Archive for the ‘cma’ Category

kernel: mm: cma: allocation failure due to buddy system

August 12, 2015

This post is to discuss CMA(Contiguous Memory Allocator) allocation failure due to Buddy system. The post is similar to kernel: mm: cma: allocation failure due to ksm . The reference source code here is qualcomm msm kernel release 3.4.0.

CMA allocation code flow
dma_alloc_from_contiguous is the API of CMA allocation. It manages CMA heap with bitmap and leverages alloc_contig_range to allocate contiguous pages.

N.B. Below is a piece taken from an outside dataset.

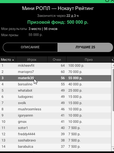 Начал играть мини РОПЛ на ПД. Обидно в одном турике вылетел на 11 месте, очень обидно. В одного и того же чувака ехал две пары против пары, оба раза ему доезжала вторая пара. Ну да ладно, это был первый день всего лишь, еще доеду. Удалось ворваться в топ 10 лидерборда по нокаутам, правда сегодня думаю просяду, не умею играть ананасы, даже правил не знаю, но другие 2 турика сыграю. Этот лидерборд заставляет играть с самого начала.
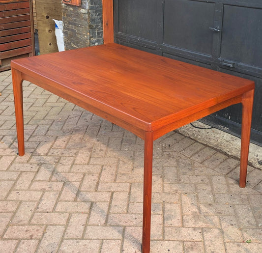 ON HOLD ***REFINISHED Danish MCM Teak Draw Leaf Table by H. Kjaernulf 55"-94", treated for durability

Two APIs could get pages from buddy system: alloc_pages and alloc_contig_range. The former is to allocate a page of requested order. The latter is to allocate a requested region.

start_isolate_page_range sets all pageblocks the requested region occupies to be isolate. It then moves all free pages in these pageblocks to isolate freelist. After this step, all pages freed from users return to isolate freelist and couldn’t be allocated by users.

__alloc_contig_migrate_range migrates all used page to other pageblocks. Since CMA pageblocks could only be fall backed from Movable pages allocation, it is assumed that all used pages in CMA pageblocks could be migrated. After these pages migrated and freed, they returns to isolate freelist because these pageblocks are already isolate.

test_pages_isolated checks if all pages in the requested region are free or isolated.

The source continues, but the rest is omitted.